The Los Angeles Lakers fairytale playoff run came to an end on Monday night, as they were officially swept out of the postseason by the Denver Nuggets after losing Game 4 by a score of 113-111. LeBron James had his best game of the playoffs (40 PTS, 10 REB, 9 AST, 15/25 FGM) but even that wasn't enough to prevent the Nuggets from sending the Lakers on vacation.
While making it all the way to the Western Conference Finals after starting the season with a 2-10 record is certainly impressive, it's safe to say it was a trying season for the Lakers. Anything less than winning a championship is not going to cut it for them at this point, and after finally overcoming loads of drama to put together a solid roster, it looks like there will be more drama this upcoming offseason.
This is due in large part to comments James made after Game 4 that suggested he was indeed considering retiring from the NBA after his 20th season in the league. Many folks doubt James is actually going to retire, but with the possibility now firmly on the table, here are three reasons it would be a good idea for James to call it a career.

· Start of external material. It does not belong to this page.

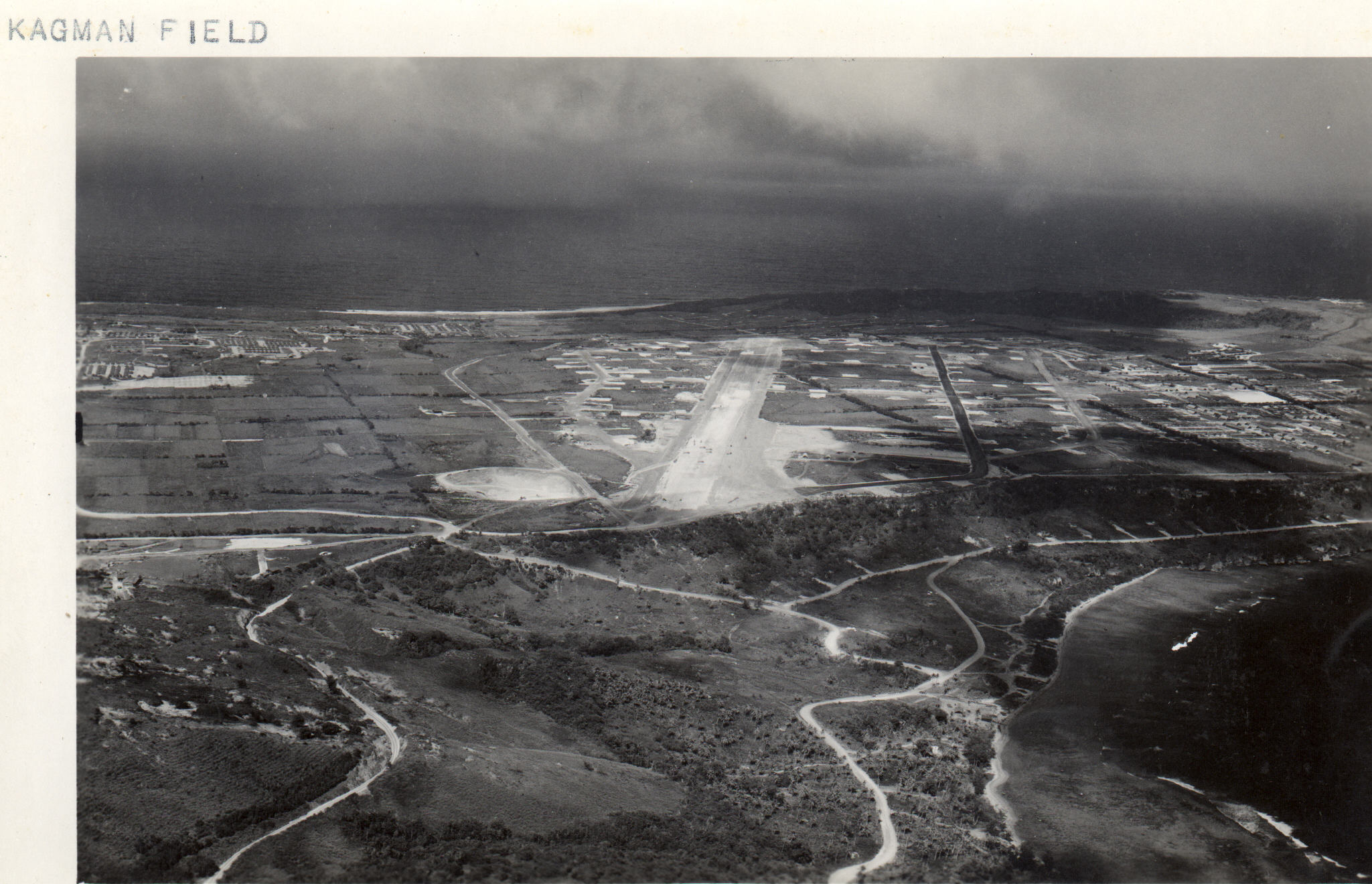 Kagman Field, Saipan, Mariana Islands, 25 April 1945

3. LeBron James' injuries are mounting, and his skills are slightly declining
It's no secret that James isn't getting any younger, as he will turn 39 in December. As James has gotten older, he's remained extremely productive, but he's dealt with more and more injuries, and along the way, his skills have begun to decline ever so slightly. Those injuries are going to keep popping up, and James is only going to continue to regress over time, no matter what he does.
James has missed at least 26 games in four of the past five seasons, and while it's far more important that he's on the floor for the postseason, that is a concerning trend. James was playing through a foot injury that was clearly impacting him in the postseason, and while the lasting taste we have is his dominant Game 4 outing, his per game numbers prior to that 40-point outburst weren't what we were used to seeing from him (23.5 PPG, 10.1 RPG, 5.9 APG, 49.4 FG%, 23.3 3P%).
When he's fully healthy, James is still pretty much as good as he's ever been, but he hasn't really been at full health for quite some time now. And given how he's not getting younger, chances are that won't change anytime soon. Some athletes like to retire while they are still great, so maybe that's the decision James is leaning towards here.
2. The Lakers haven't shown enough of a desire to build a winner around LeBron James
While Los Angeles did admittedly find their way to the Western Conference Finals, it's clear there is quite a sizable gap between themselves and the Nuggets. They managed to get by turmoil-ridden teams in the Minnesota Timberwolves, Memphis Grizzlies, and Golden State Warriors to make it to their meeting with the Nuggets, but it's hard to truly believe this team was a championship-caliber squad.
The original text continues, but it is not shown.